Au procès de la vache, qui se réclamera de plaidoyer en faveur de l’animaloïde, traînant dans son sillon de lourds motifs d’inculpation ? Cholestérol, obésité, rejets de méthane, besoins en eau pharamineux, hôte de la vache folle, lait mal digéré, le slogan des amis du lait n’étant plus parole d’Évangile, et pire ; quand des doutes subsistent sur sa provenance. Est-elle d’origine européenne, descendante de la princesse phénicienne kidnappée par le taureau divin ? A-t-elle été abattue en France, en Pologne, transformée et hachée en Roumanie, et coupée à la viande de cheval ? Sur le banc des témoins se succèdent industriels de l’agribusiness, militants écologistes, pourfendeurs du veganisme, et autres animalistes, qui, plastronnant la défense de son bien-être, questionnent le bien-fondé de son existence. Quelles questions existentielles une vache qui ne serait pas d’élevage peut-elle bien se poser ? Qu’est-ce qu’une vache à l’état sauvage, dans l’anomie d’un monde sans viande ni cuir ? Vache, tout à la fois victime et coupable de l’élevage intensif. 
« Ni les uns ni les autres ne semblent plus vouloir comprendre comment l’humain et le paysan d’autrefois pouvaient aimer les animaux, les soigner, les nourrir, les admirer... et aussi les tuer pour les manger ! » Benoît Duteurtre · Marianne 27 juin 2021.

Quant à moi, suis-je vraiment sûre que la vache existe encore ? Moi qui ne la vois qu’au travers la brume lointaine, derrière la cage de verre hygiénique de la vitre d’un train en marche ? Les nomades citadines que nous sommes ont externalisé leur relation au fermier bestiaux, objet sous blister étiqueté d’un flamboyant « promotion ! »

« Ainsi va notre société qui, d’un côté, admire sur ses écrans les espèces sauvages et entend les protéger ; qui, de l’autre, bichonne ses petits animaux de compagnie... mais qui traite avec un extraordinaire mépris les espèces vouées à notre alimentation : bovins, porcs ou volailles entassés dans leurs sinistres élevages en batterie. » Benoît Duteurtre · Marianne 27 juin 2021.

La conception de l’animal-machine n’est pas nouvelle : déjà Buffon et Descartes lui confisquait sensibilité. A défaut d’être rationnelle, nous avons rationalisé l’élevage de la brave ruminante ; jamais elle ne s’en plaint. 

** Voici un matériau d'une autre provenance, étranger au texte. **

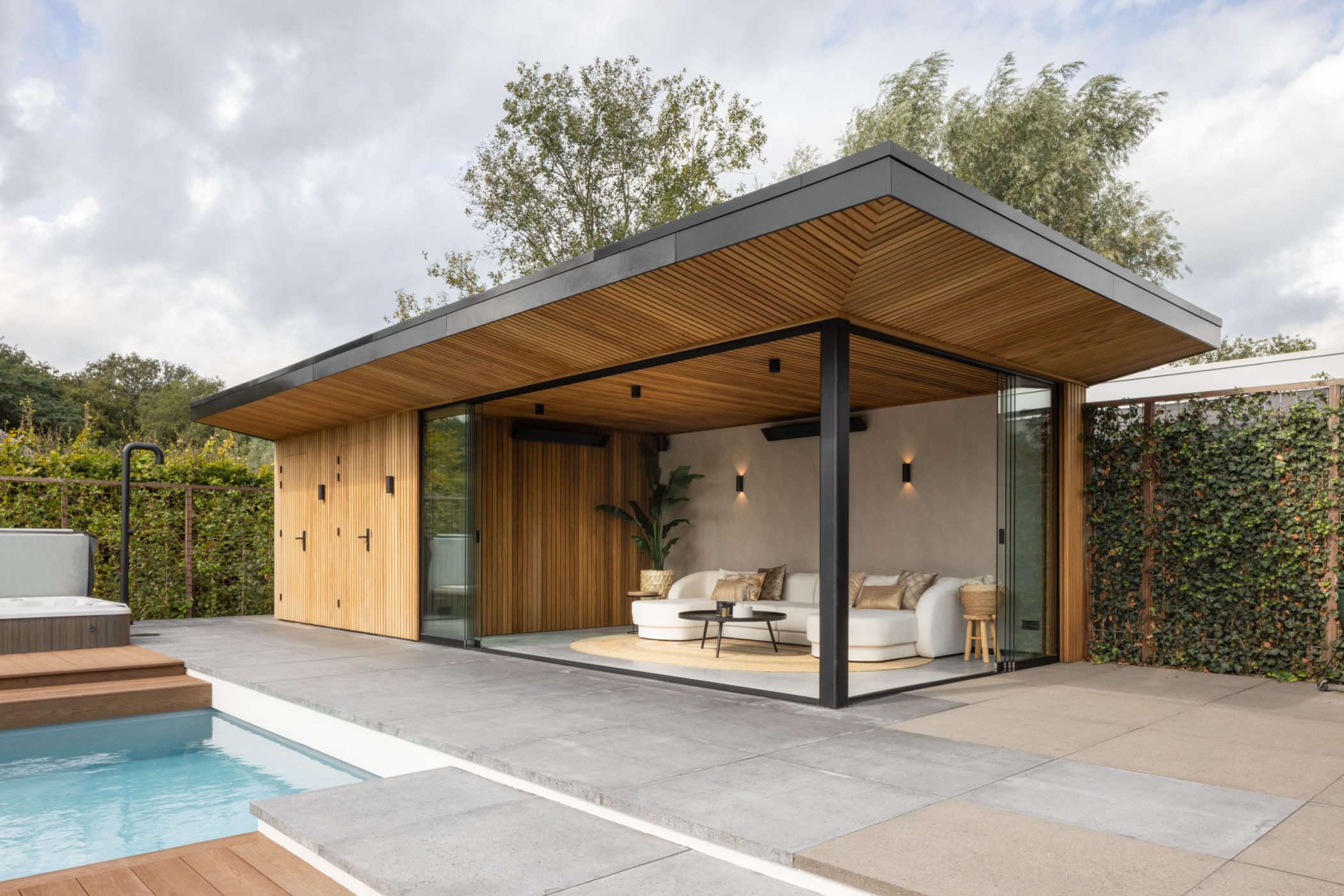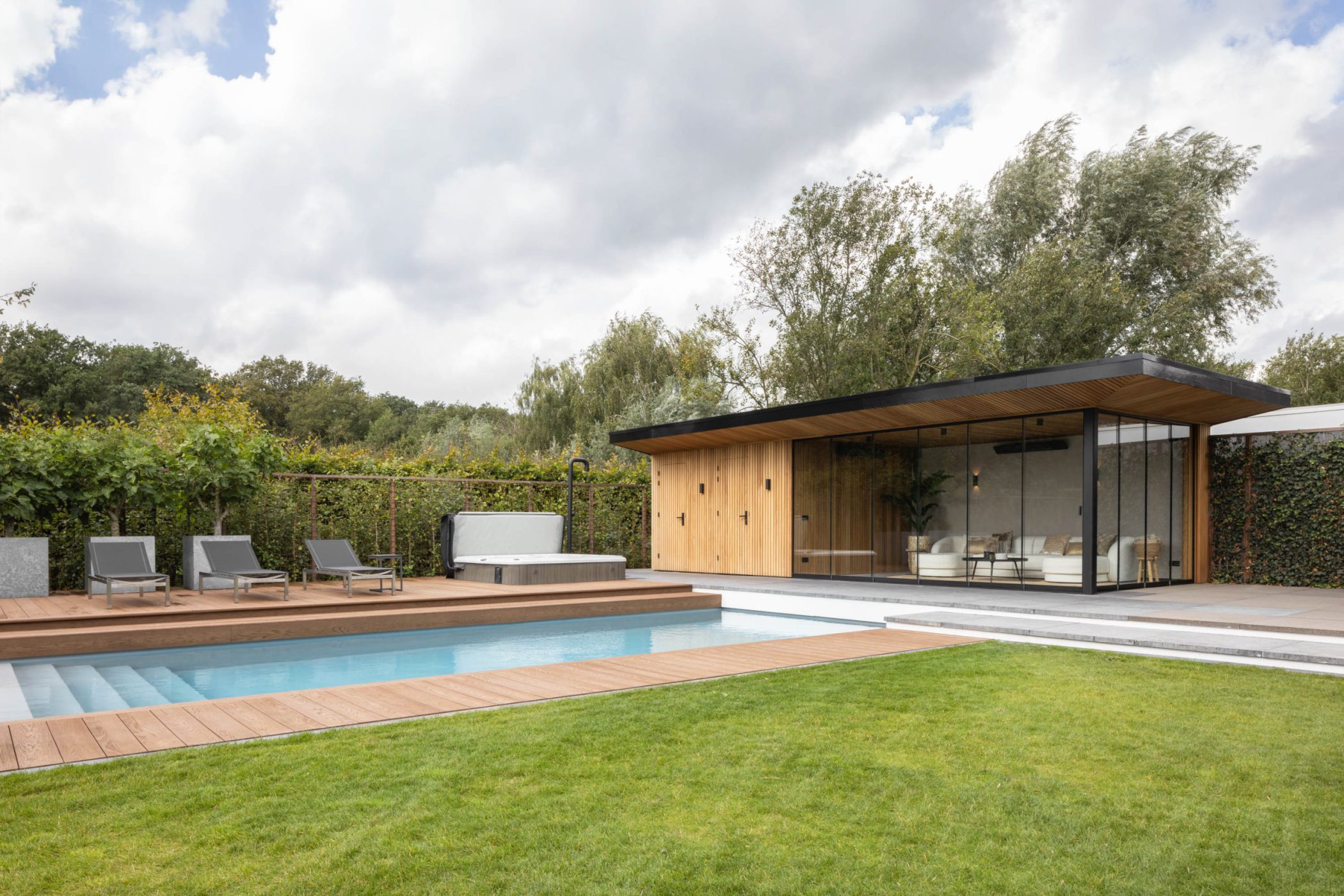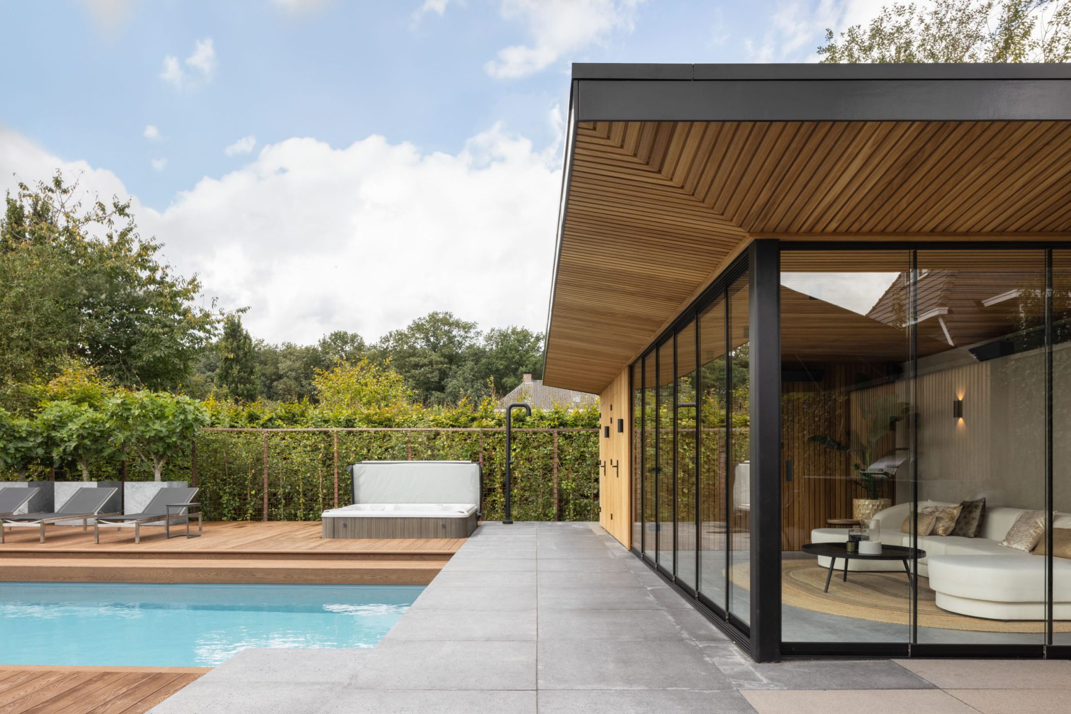 Het houten poolhouse is uitgevoerd in Ayous, met een natuurlijke, warme uitstraling die prachtig aansluit op de tuin en het omliggende landschap. De strakke lijnen en verfijnde details maken van dit ontwerp een uitnodigende maar ingetogen blikvanger.

Ce dessin en procès-verbal retrace cette histoire de la vache ; ou plutôt, en guise d’emblème, notre histoire, et celle de notre rapport à la nature. Cette histoire en 2D et au sens de lecture laissé libre, linéaire ou tortueux, n’est ni procureur, ni avocat, ni juge d’instruction. Observons ce procès, bûcher des bovidés, en suspendant tout jugement, qu’il soit pro ou contra. Comme la robe de Marguerite, mouchetée de blanc et de noir, la réalité ne saurait être binairement élucidée. Quant à sa structure, les différentes réflexions visuelles suivent les éléments architecturaux d’un plan d’abattoir, tracé sur les lignes de la Constellation du Taureau.

Dessin inspiré par la lecture de l'article de Benoît Duteurtre, "Vache masquée : "Pauvre animal, qui se voit désigné comme coupable du réchauffement climatique"", publié le 27 juin 2021, Marianne (à lire ici)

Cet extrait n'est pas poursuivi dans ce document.